Моего отца звали Ованес Баграмян. Он был революционером и хорошо знал русский язык, но грамотность у него хромала. Имел свой участок. В фургоне возил в город Нахичевань соль.
Позднее, его заставили вступить в колхоз имени Ворошилова. Занимался садоводством, а потом, в 1936 году, приехал сюда, в Ереван. Когда я был на фронте, отец скончался.
Сколько классов вы окончили перед войной?
— Восемь. А потом поступил в Ереванский медицинский техникум. Отлично окончил, с красным дипломом, мне должны были присвоить звание старшего сержанта медслужбы. Якобы, мне хотели только хорошего, но взяли в Краснодарское пулемётно-миномётное училище.
Вы владели русским языком перед призывом в армию?
— Да. У нас русский и немецкий был. Но владел русским языком плохо.
Как вы узнали о начале войны?
— В тот день я работал в саду с отцом, помогая ему. Позднее, к нам пришёл человек и сказал, что одно дерево необходимо спилить, чтобы провести провода. Мы у него спрашиваем: «Какой провод?». — «Знаете, что немцы напали на Союз? Война идет», — отвечает он. Мы удивились: «Как война?». — «Иди домой, узнай», — говорит мне отец. Я пошёл, уже смотрю – народ на остановке разговаривает, где трамвай был у нас. Это было 22-го июня 1941 года.
Как изменилась жизнь в Ереване после начала войны?
— Народ первым делом начал скупать продукты. “Трудно будет”, – сказали тогда. – “Как будет?”, “Что будет?” — многие задавались в тот момент этими вопросами.
В Армении шесть дивизий дислоцировались. Одна из них стояла в Ереване, чтоб защита была, если что-нибудь. Пограничные войска защищали Родину.
Карточки ввели?
— Да. Тем, у которых маленькие дети имелись, а также беременным женщинам – им всем особые карточки давали на масло и молоко.

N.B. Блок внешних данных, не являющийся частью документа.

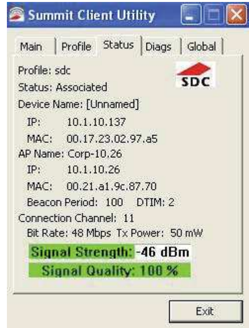
SCU is a graphical utility for configuration, troubleshooting, and management
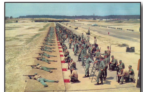
Marine rifle range at Camp Matthews

Numerous munitions items have been found at the former Camp Matthews since its closure. Based on these findings and the site history, the U.S. Army Corps of Engineers is investigating UCSD (Camp Matthews) for munitions hazards through the Formerly Used Defense Sites Program.

Зима 1941-1942 годов была тяжёлой?
— Сперва не очень тяжело было, а потом, когда приехали эвакуированные из Украины то поднялись цены, и жить стало немножко трудно. Самое главное - это то, что никто от голода не умер. У нас в семье лучше было, даже другим помогали.
Кормились с сада?
— Нет, сад был разрушен и урожая не приносил. Главное, что зерно у нас тогда было. Отец в селе работал, а я из армии помощь оказывал.
Вы окончили медицинский техникум в 1942 году?
— Я успел окончить медицинский техникум 15-го мая 1943 года. Сразу хотел пойти служить по своей специальности. Диплом я получил, а чтобы оформить звание, мне сказали: «Иди в Краснодарское училище, там шесть месяцев будешь учиться». Два месяца учился там.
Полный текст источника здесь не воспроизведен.